Dodecapeptides derived from human cathelicidin with potent activity against carbapenem-resistant Acinetobacter baumannii

Abstract

The increasing infections caused by carbapenem-resistant Acinetobacter baumannii (CRAB) poses a serious threat to global public health. Antimicrobial peptides (AMPs) are alternatives to conventional antibiotics in combating superbugs. However, discovering AMPs with low synthesis costs and strong antibacterial effects against CRAB is challenging. In this study, we synthesized 28 dodecapeptides for bactericidal assessment by site mutation and all-hydrocarbon stapling on the basis of the antibacterial core of human cathelicidin. The linear derivative d12 (Q5RD9I-KR12) and the i, i + 4 stapled peptide d24, which was generated by substituting Val⁴ and Lys⁸ of d12 to staples, stood out among the candidates. These short AMPs efficiently bound to bacterial membrane and penetrated it in a lipid A-dependent manner, resulting in low minimal inhibitory concentrations to inactivate CRAB clinical isolates (2.5–20 μg/mL).
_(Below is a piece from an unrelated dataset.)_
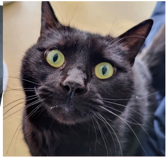
Quentin came to Wadars having been abandoned in a box in central Worthing. We eventually found him an outdoor home at a local country centre.

The CRAB infection mouse models of irradiation-assisted local pulmonary infection and intra-abdominal sepsis revealed that treatment with d12 and d24 significantly eliminated CRAB in vivo and thereby increased mouse survival. Owing to its improved proteolytic resistance, d24 outperformed d12 in suppressing intra-abdominal CRAB infection. The excellent antibacterial effects, good biocompatibility, and facile synthesis make d12 and d24 promising candidates to curb CRAB infections in different application scenarios.